ISSUES: 1. WON Spouses Mathay can be considered buyers in good faith 2. WON Spouses-private respondents own the individual properties in question
HELD: 1. Spouses Mathay cannot be considered as purchasers in good faith because prior to the fencing of the subject land, neither they nor their predecesssors-in-interest (Banayo and Pugay) ever possessed the same. At the same time the property was sold to petitioners (Mathays), the private respondents were not only in actual possession of the same but also built their houses thereon, cultivated it and were in full enjoyment of the produce and fruits gathered therefrom. Although it is a well settled principle that the person dealing on a registered land need not go beyond the certificate of title, there are still circumstances which would put party on guard and prompt him to investigate or inspect the property being sold to him. It is expected from the purchaser of a valued price of a land to inquire first into the status or nature of possession of the occupants, in concept of owner. Failure of a prospective buyer to take such precautionary steps would mean negligence on his part and would thereby preclude him from claiming or invoking the rights of a purchaser in good faith. In addition, before the fence around subject property was erected, private respondent communicated their objection to the fencing of the area by petitioners but they were ignored by the Mathays, who continued enclosing the premises under controversy in the present of armed men employed by them. 2. The Spouses-Private respondents are the valid owners of the individual properties in question because all the subsequent certificates of title including the petitioners titles are void for the same were forged and falsified. It was further proved that the titles issued to Mathays are void for the allegedly Sales Certifcate executed by Tomas Lucido in favor of Pedro Pugay was not signed by the said Tomas Lucido. Neither does it bear the signature of the latter. It further proved that the deeds showed by Banayo and Pugay were not for the individual property in question. The circumstances surrounding the execution of the Deed of Absolute Sale by Pedro Banayo and Pablo Pugay in favor of the spouses Sonya Mathay and Ismael Mathay further showed that it did not comply with the legal formalities and was not duly notarized. Furthermore, the residence certificates of vendors Banayo and Pugay appeared to be of dubious source.

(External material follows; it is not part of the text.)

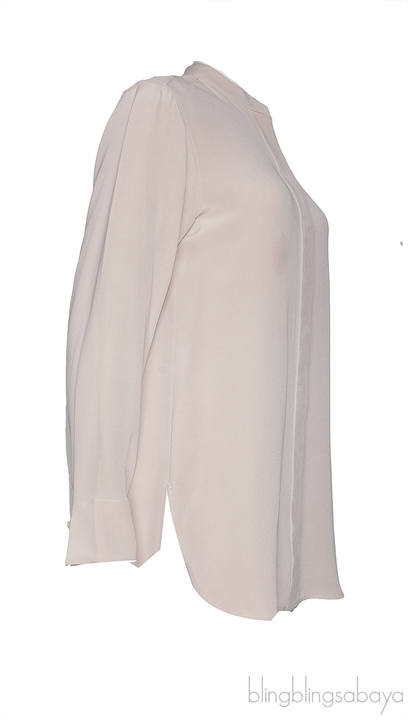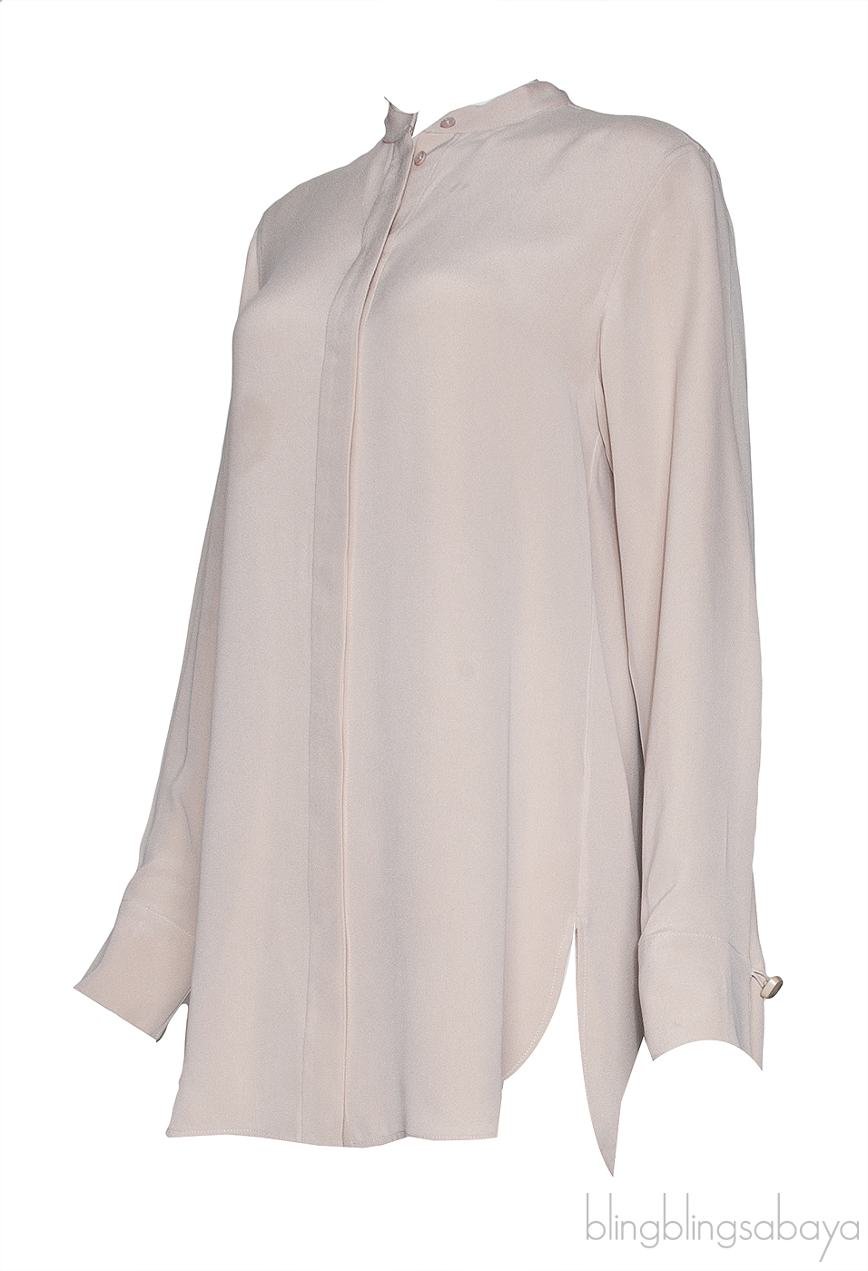 This Nude Long Sleeve Shirt from Joseph is crafted from 100% Silk Fabric in matte nude color. This shirt features a chinese collar, long sleeves and round hemline with side slits.

The Spouses Mathay utterly failed to discharge the burden of proving the sustainability of their posture of them being buyers in good faith. Furthermore, the title of Pedro Banayo and Pablo Pugay relied upon by them has been shown by preponderance of evidence to be the product of forgery. Petition is DISMISSED for the lack of merit, and the Decision of the Court of Appeals is AFFIRMED in toto.